**What to produce**
Exclude the images, then return every line below exactly as written.

**Data extract**
══════

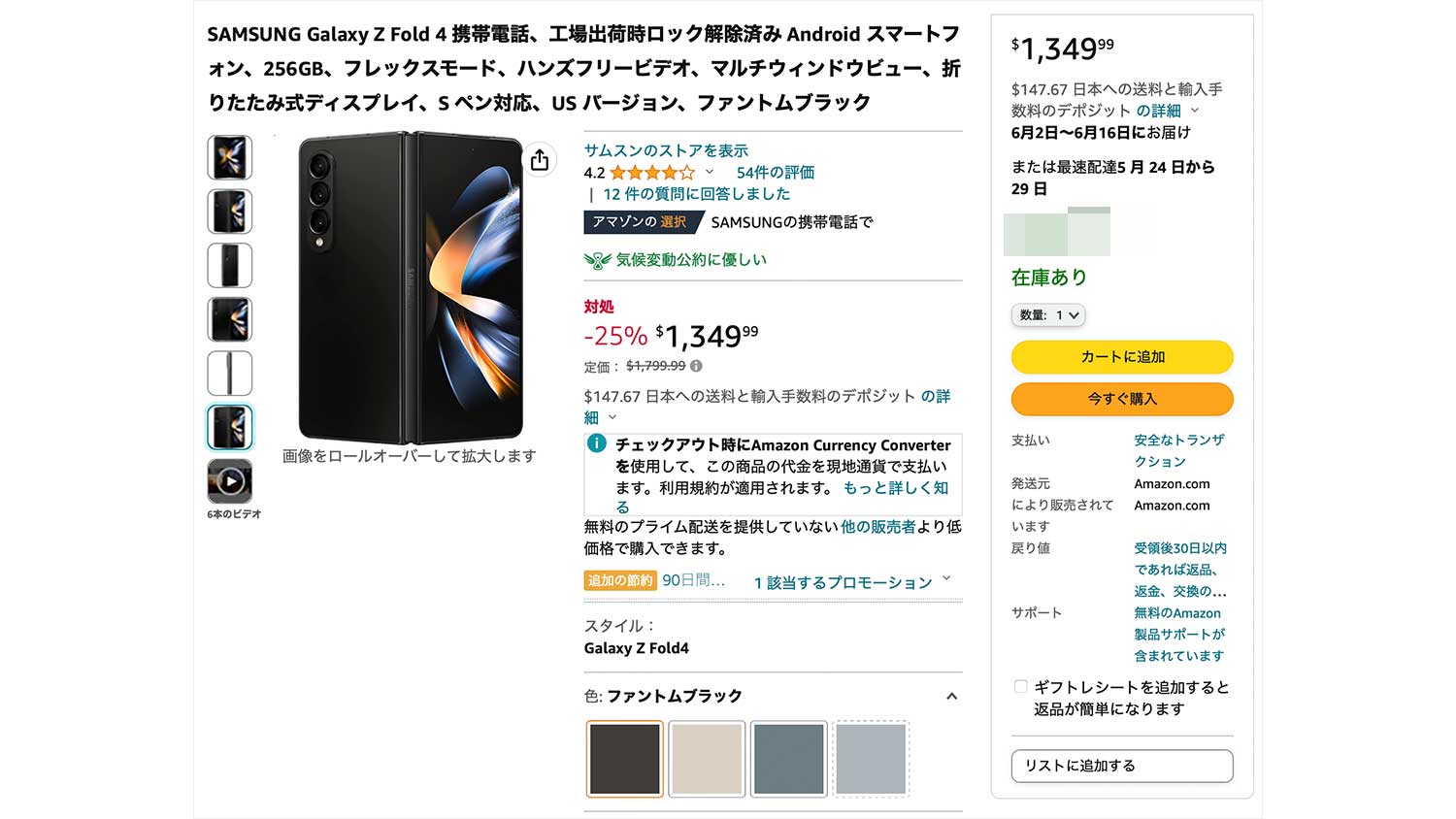 今回の情報によると米AmazonがGalaxy Z Fold 4を大幅値引きで販売していることが判明したとしています。Samsungオンラインショップなどでも割と高頻度で割引されている印象ですが今回の米Amazonがいつもと異なるのは条件がないこと。
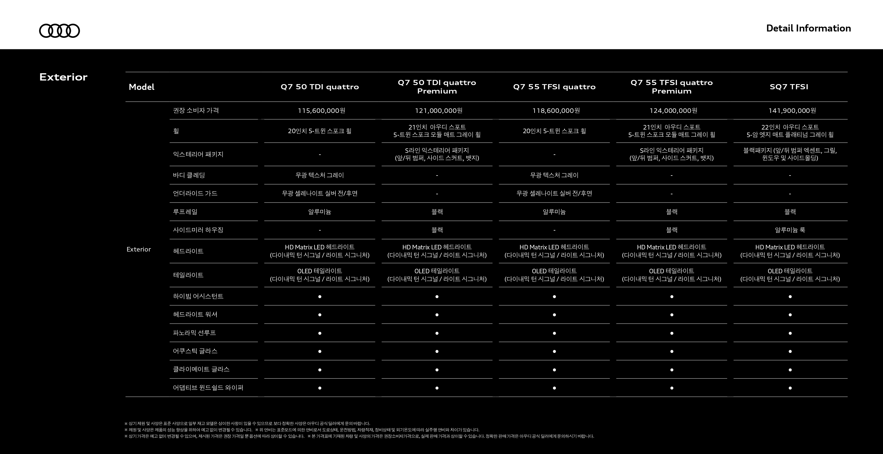 ▼ 2025 아우디 Q7 옵션표 ▼
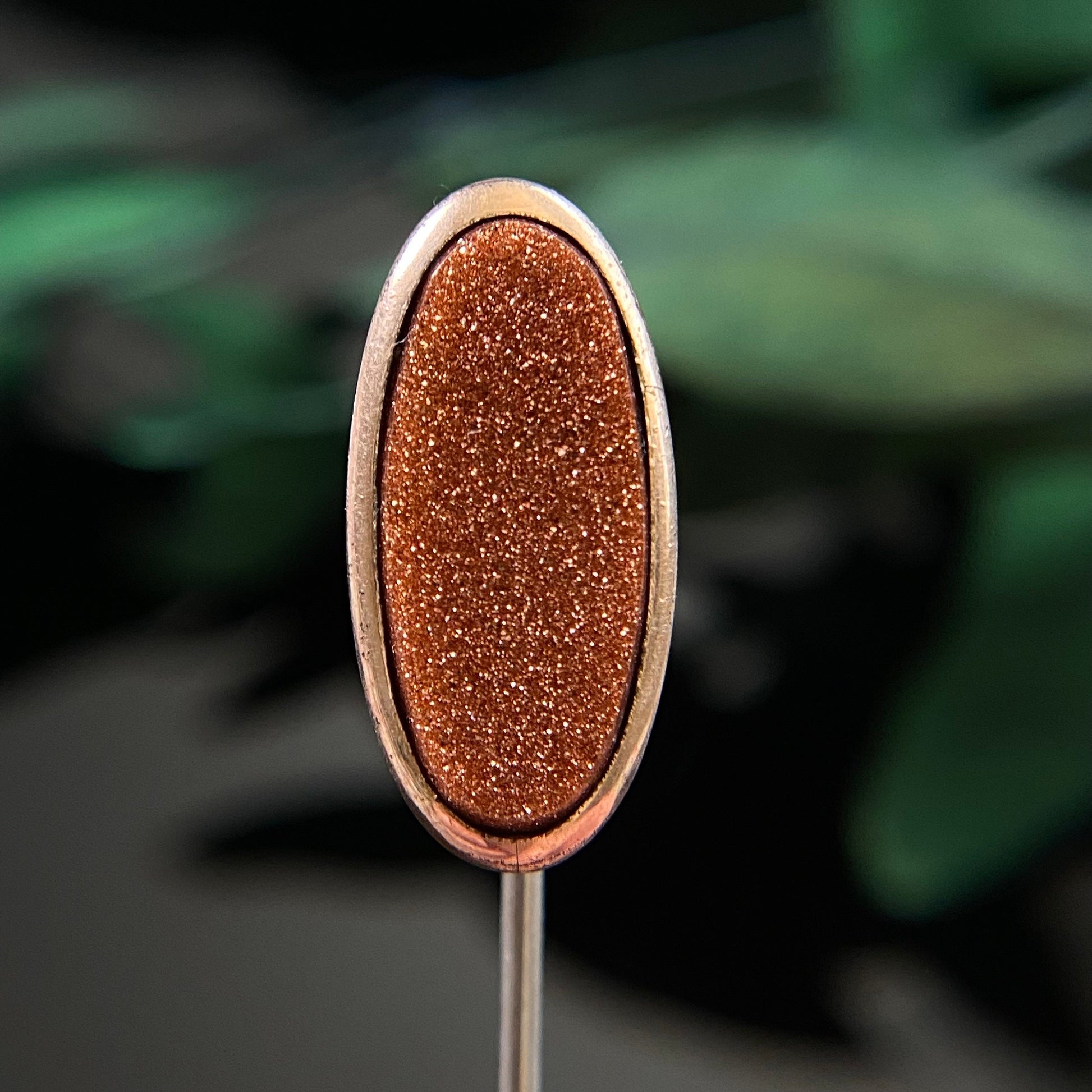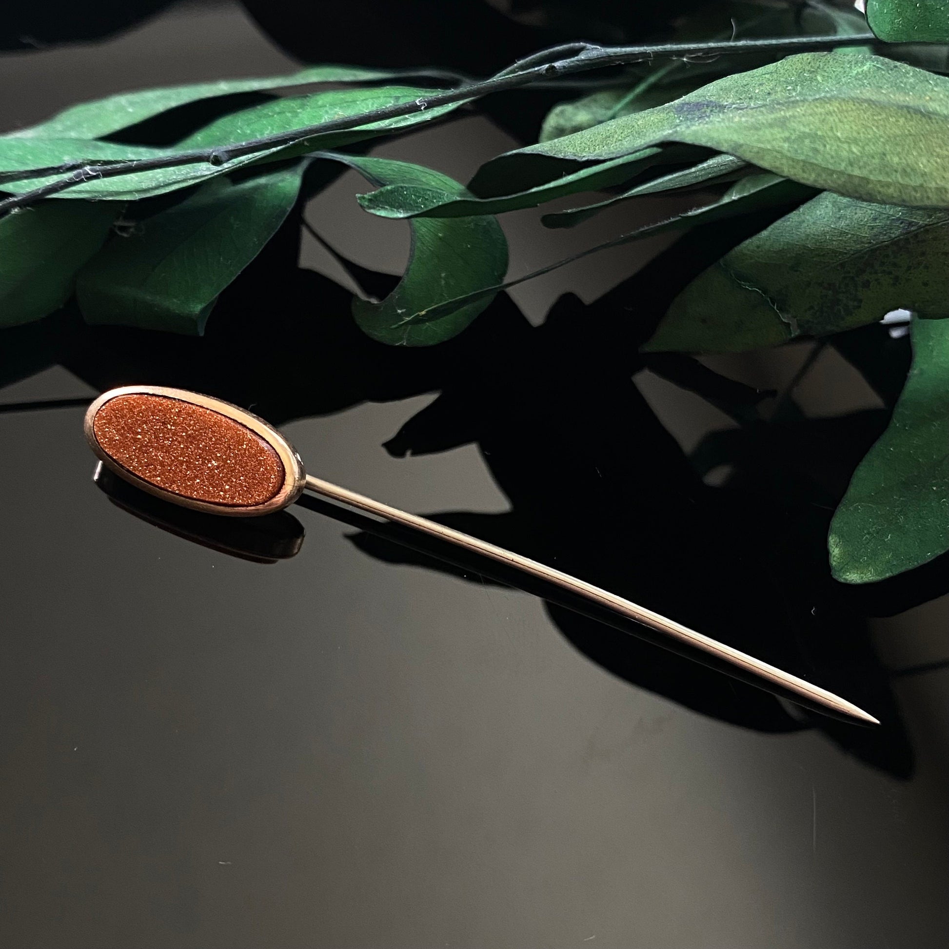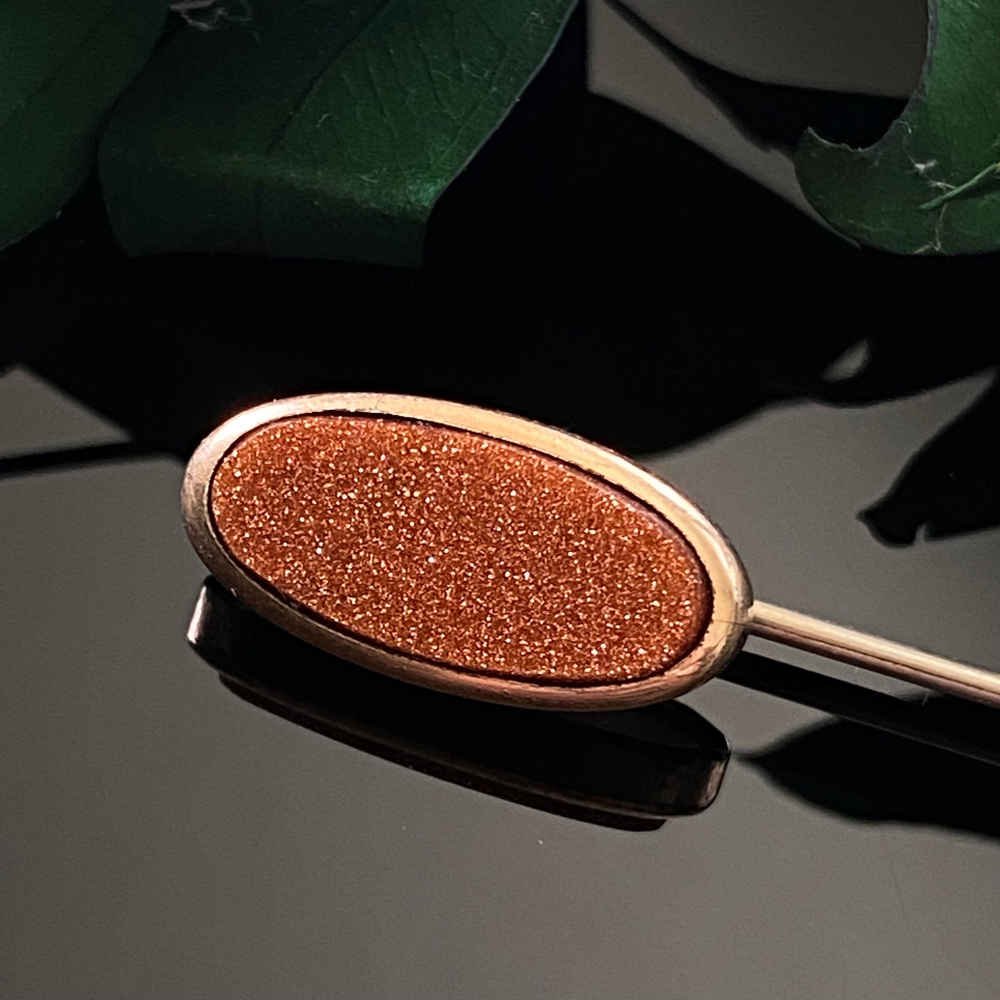 Antique Edwardian Rolled Gold Oval Goldstone Stick Pin
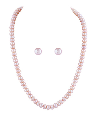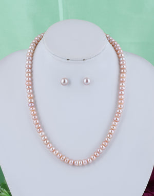 Real Natural Fresh Water Single Line Plain Pearls Mala Set 8 MM With Certificate(D.No NPS282)
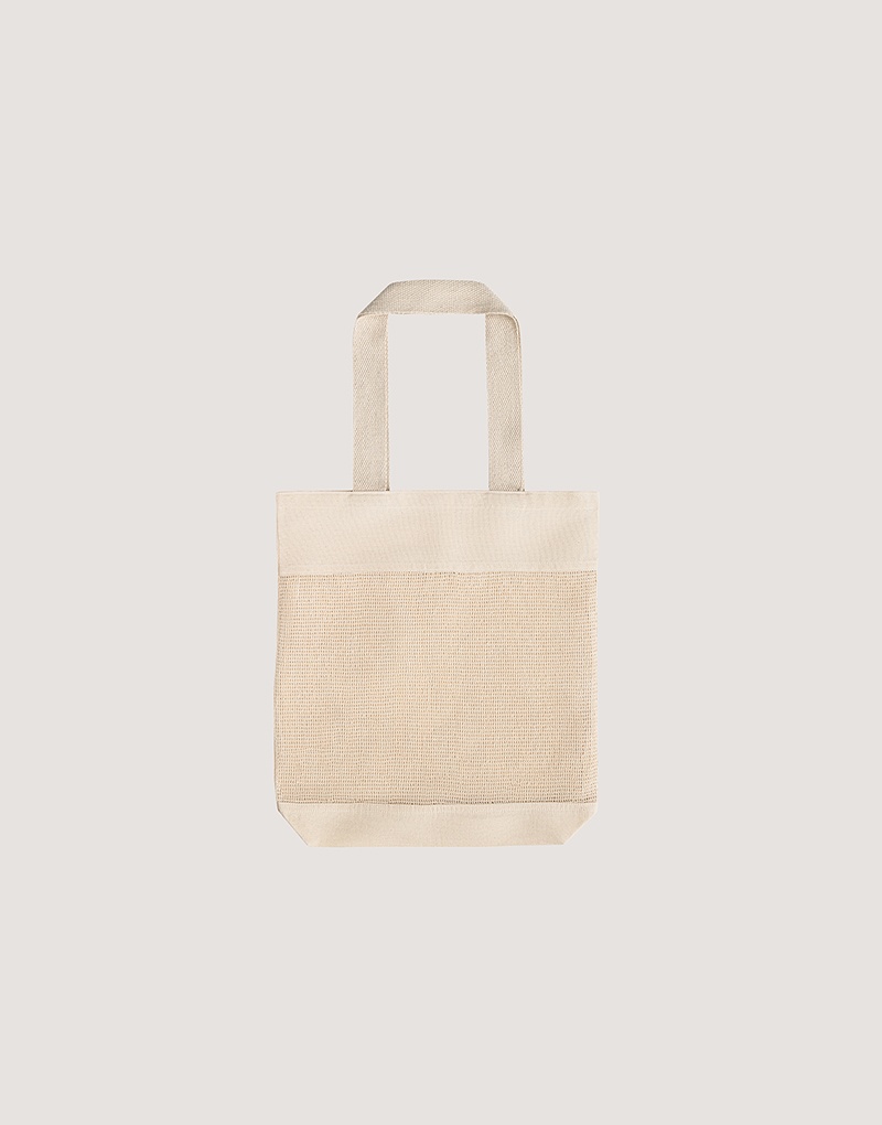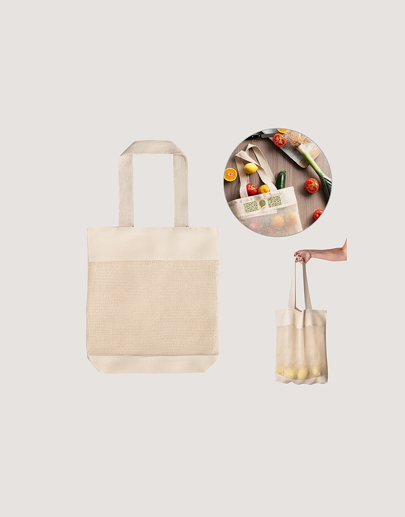 Sacola 100% algodão (180 g/m²) , alças em webbing com 65 cm, com malha 100% algodão (100 g/m²) na parte frontal. Sacola ideal para compras.

══════

**Exercise solution**
 今回の情報によると米AmazonがGalaxy Z Fold 4を大幅値引きで販売していることが判明したとしています。Samsungオンラインショップなどでも割と高頻度で割引されている印象ですが今回の米Amazonがいつもと異なるのは条件がないこと。
 ▼ 2025 아우디 Q7 옵션표 ▼
 Antique Edwardian Rolled Gold Oval Goldstone Stick Pin
 Real Natural Fresh Water Single Line Plain Pearls Mala Set 8 MM With Certificate(D.No NPS282)
 Sacola 100% algodão (180 g/m²) , alças em webbing com 65 cm, com malha 100% algodão (100 g/m²) na parte frontal. Sacola ideal para compras.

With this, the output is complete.